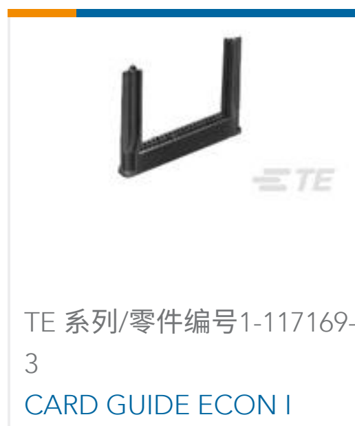
TE 系列/零件编号1-117169- 3 CARD GUIDE ECON I
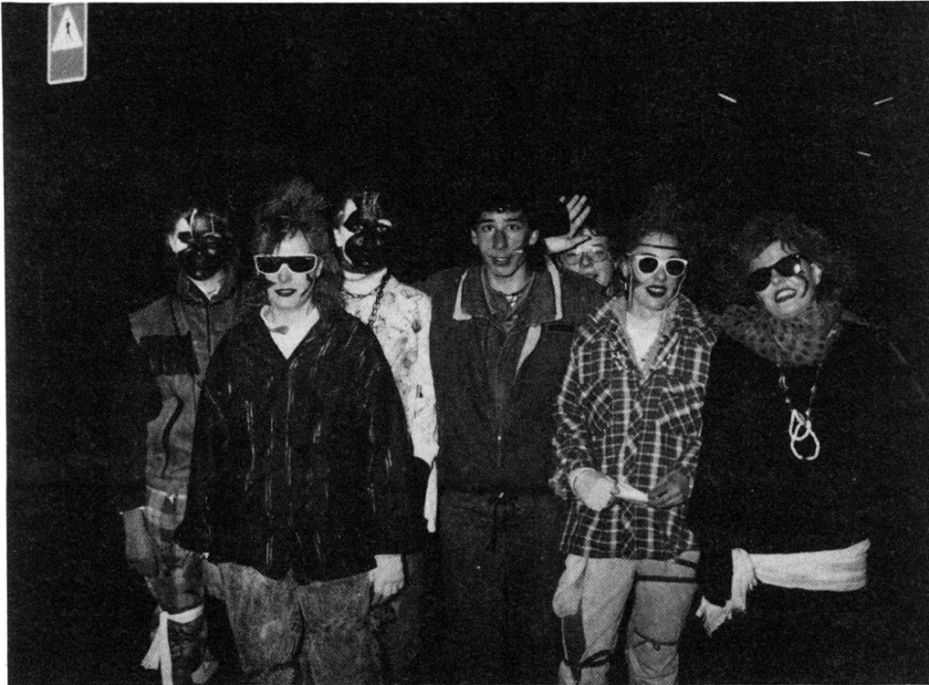
Fig. 2. Les «punks», modèles actuels de rébellion. «Chessleta» à Glis, le 10 février 1988.

de la diversité des catégories sociales qui composent une collectivité; enfin, toute identité connaît la nécessité de se reproduire en conciliant la permanence et le changement. Cette dynamique se traduit par des tensions inter- et intracommunautaires auxquelles la fonction symbolique offre un recours grâce à la recreation du réel qu'elle opère dans l'imaginaire. Mais pour qu'il y ait soulagement des tensions, c'est-à-dire efficacité symbolique, il faut que la collectivité fasse l'expérience concrète du réel remodelé par l'imaginaire. Une des fonctions du carnaval consiste précisément à donner à voir et à vivre le produit du travail symbolique, sous la forme d'une image d'elle-même et du monde que la collectivité met en scène à l'intention de ses membres. L'observation en profondeur d'un carnaval particulier permet de découvrir qu'il y a spécialisation des rôles dans la mise en scène de cette image et que les adolescents y contribuent de manière originale.
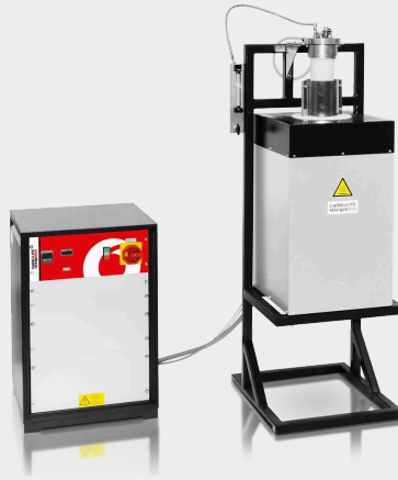
HTRV 18/100/500 com pacote opcional de gás inerte e tubo de cerâmica fechado de um lado
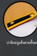
ป่าอินทรชั่งตามชั้นยศ

> Problem to work on:
Pictures are to be omitted; set down the rest of the entries exactly as given.

> Exercise solution:
TE 系列/零件编号1-117169- 3 CARD GUIDE ECON I
Fig. 2. Les «punks», modèles actuels de rébellion. «Chessleta» à Glis, le 10 février 1988.

de la diversité des catégories sociales qui composent une collectivité; enfin, toute identité connaît la nécessité de se reproduire en conciliant la permanence et le changement. Cette dynamique se traduit par des tensions inter- et intracommunautaires auxquelles la fonction symbolique offre un recours grâce à la recreation du réel qu'elle opère dans l'imaginaire. Mais pour qu'il y ait soulagement des tensions, c'est-à-dire efficacité symbolique, il faut que la collectivité fasse l'expérience concrète du réel remodelé par l'imaginaire. Une des fonctions du carnaval consiste précisément à donner à voir et à vivre le produit du travail symbolique, sous la forme d'une image d'elle-même et du monde que la collectivité met en scène à l'intention de ses membres. L'observation en profondeur d'un carnaval particulier permet de découvrir qu'il y a spécialisation des rôles dans la mise en scène de cette image et que les adolescents y contribuent de manière originale.
HTRV 18/100/500 com pacote opcional de gás inerte e tubo de cerâmica fechado de um lado
ป่าอินทรชั่งตามชั้นยศ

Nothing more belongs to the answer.